*** DATASET ***

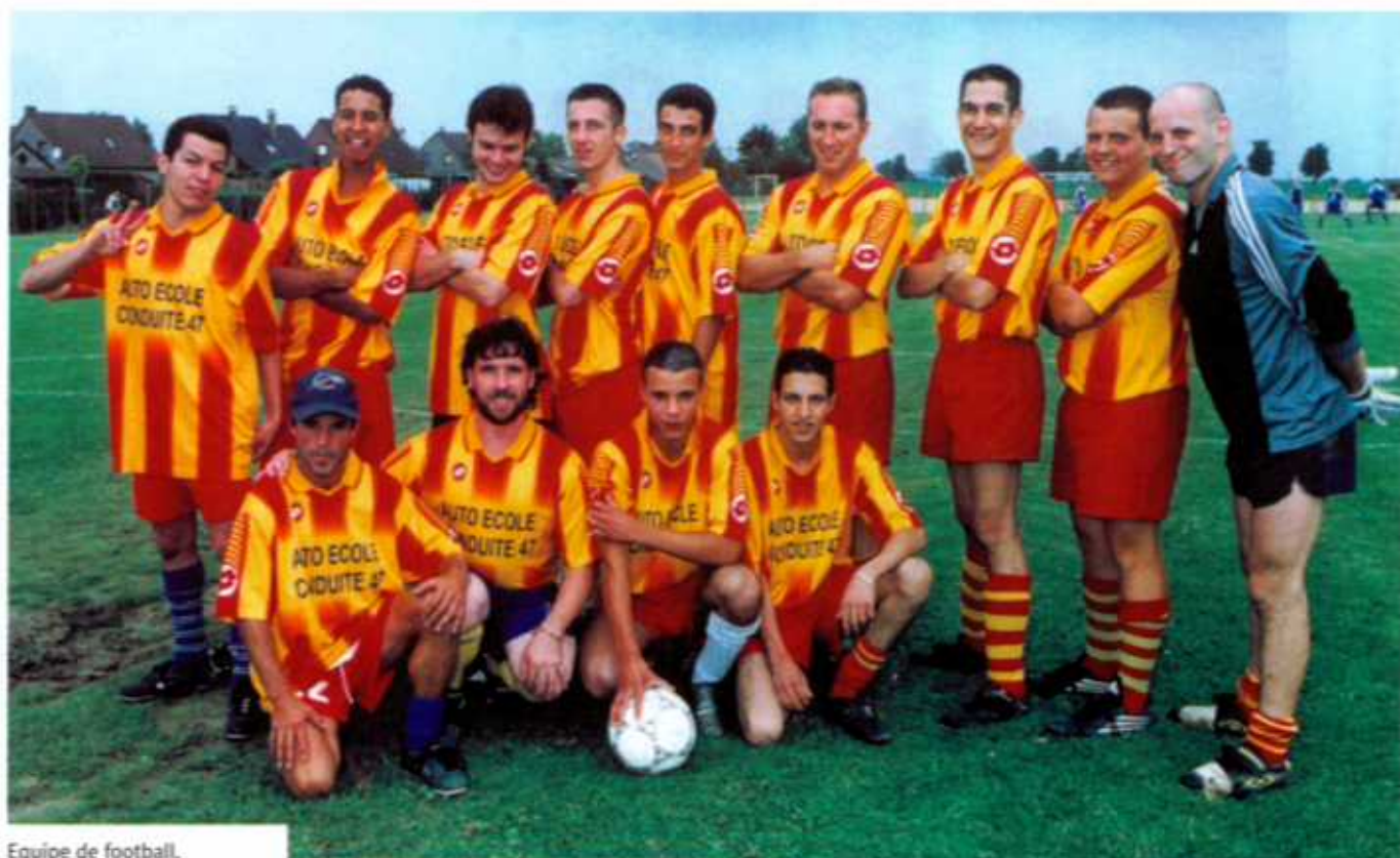
Equipe de football.
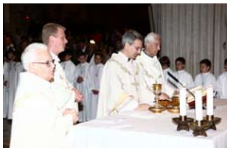
I sacerdoti durante la consecrazione
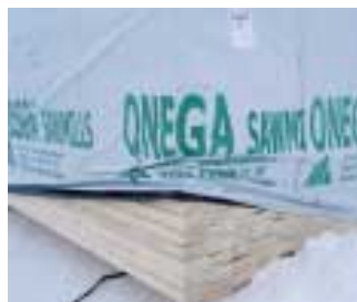
Пиломатериал сухой сертифицированный Онежского ЛДК
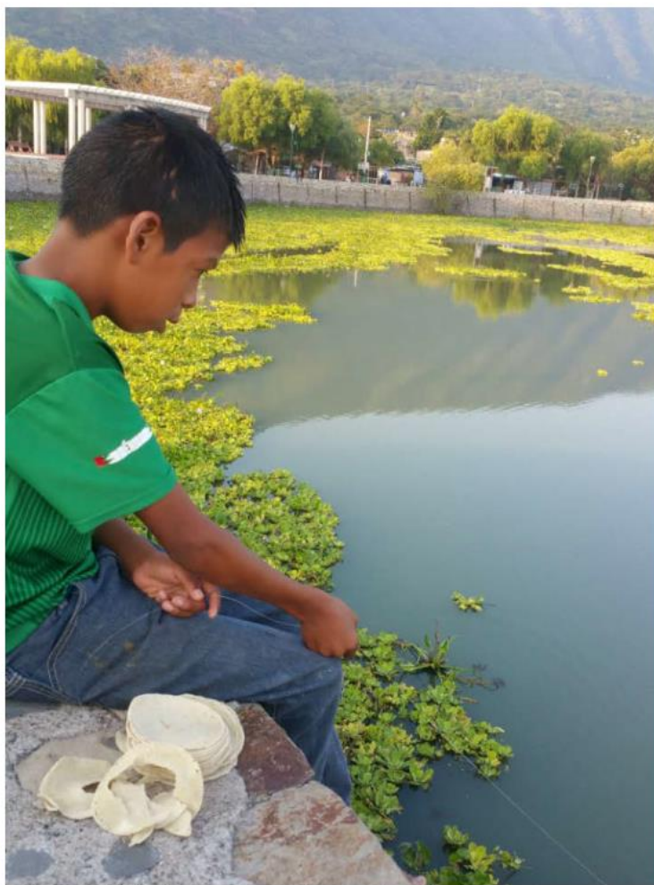
Jalisco ocupa el séptimo lugar, a escala nacional, por defunciones de enfermos renales. MRB

"Me parece que aquí tenemos que sentar a los actores relevantes de este asunto para consensuar una estrategia y necesariamente tienen que estar también la industria. Tenemos que llegar a acuerdos con ellos porque no podemos nosotros dejarlos a un lado y nada
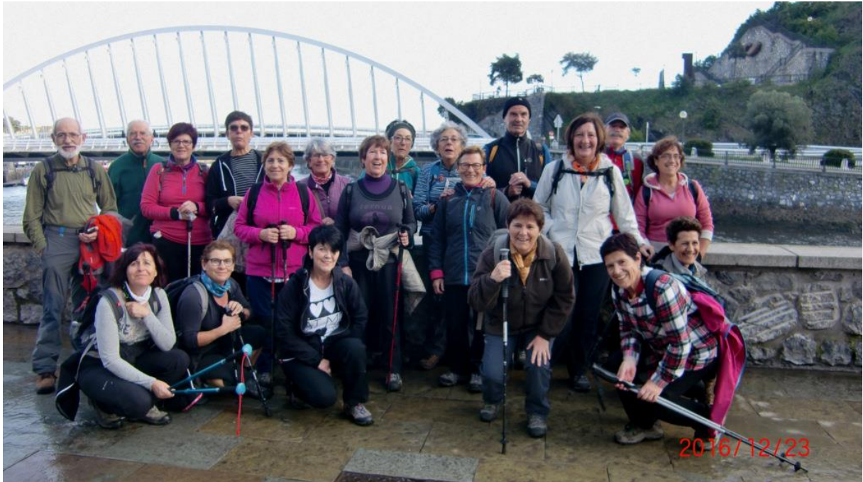
Ondarroako argazkia eta Segurako balkoi loredua

*** End of DATASET ***

▶ WORK TASK: Output the lines above verbatim, images excluded.

▶ TASK RESPONSE:
Equipe de football.
I sacerdoti durante la consecrazione
Пиломатериал сухой сертифицированный Онежского ЛДК
Jalisco ocupa el séptimo lugar, a escala nacional, por defunciones de enfermos renales. MRB

"Me parece que aquí tenemos que sentar a los actores relevantes de este asunto para consensuar una estrategia y necesariamente tienen que estar también la industria. Tenemos que llegar a acuerdos con ellos porque no podemos nosotros dejarlos a un lado y nada
Ondarroako argazkia eta Segurako balkoi loredua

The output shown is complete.